--- PROBLEM REQUIREMENTS ---
With the pictures left out, write out exactly the lines of the listing below that run from the line with "Планировка: центр притяжения" through the line with "Начальник службы организации".

--- SOURCE MATERIAL ---
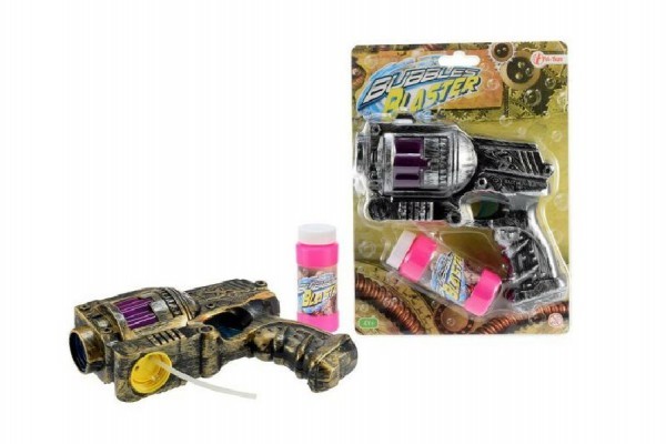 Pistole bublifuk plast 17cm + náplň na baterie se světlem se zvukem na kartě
==
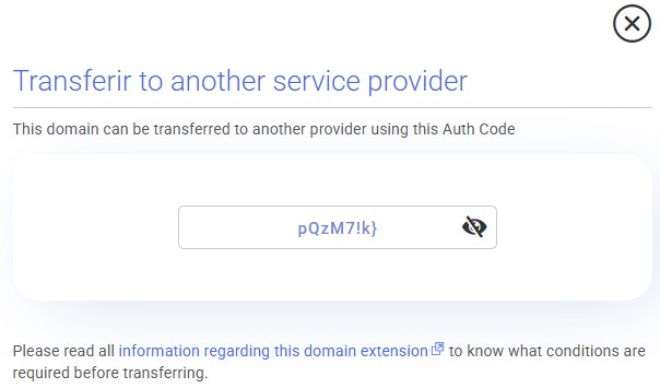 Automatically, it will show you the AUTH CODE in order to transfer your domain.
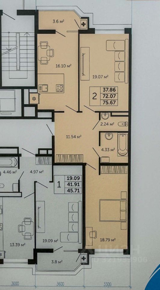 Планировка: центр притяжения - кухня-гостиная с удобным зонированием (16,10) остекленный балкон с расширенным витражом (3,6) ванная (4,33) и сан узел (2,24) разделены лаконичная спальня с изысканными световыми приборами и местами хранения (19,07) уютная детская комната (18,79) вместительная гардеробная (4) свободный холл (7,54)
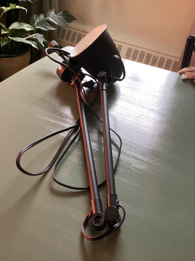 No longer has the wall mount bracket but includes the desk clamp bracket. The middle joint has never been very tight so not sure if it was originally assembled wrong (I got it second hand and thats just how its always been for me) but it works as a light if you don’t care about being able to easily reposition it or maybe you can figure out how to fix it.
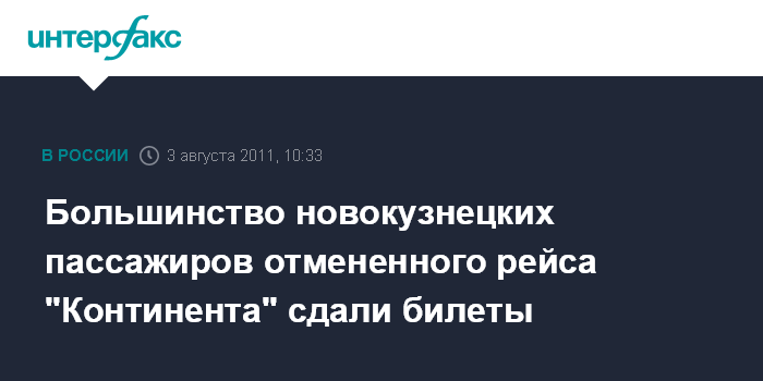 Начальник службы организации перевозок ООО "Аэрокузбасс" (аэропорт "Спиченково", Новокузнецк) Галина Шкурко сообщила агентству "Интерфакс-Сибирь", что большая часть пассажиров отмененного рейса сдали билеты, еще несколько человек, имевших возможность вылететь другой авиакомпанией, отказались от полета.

--- SOLUTION FOR THIS TASK ---
 Планировка: центр притяжения - кухня-гостиная с удобным зонированием (16,10) остекленный балкон с расширенным витражом (3,6) ванная (4,33) и сан узел (2,24) разделены лаконичная спальня с изысканными световыми приборами и местами хранения (19,07) уютная детская комната (18,79) вместительная гардеробная (4) свободный холл (7,54)
 No longer has the wall mount bracket but includes the desk clamp bracket. The middle joint has never been very tight so not sure if it was originally assembled wrong (I got it second hand and thats just how its always been for me) but it works as a light if you don’t care about being able to easily reposition it or maybe you can figure out how to fix it.
 Начальник службы организации перевозок ООО "Аэрокузбасс" (аэропорт "Спиченково", Новокузнецк) Галина Шкурко сообщила агентству "Интерфакс-Сибирь", что большая часть пассажиров отмененного рейса сдали билеты, еще несколько человек, имевших возможность вылететь другой авиакомпанией, отказались от полета.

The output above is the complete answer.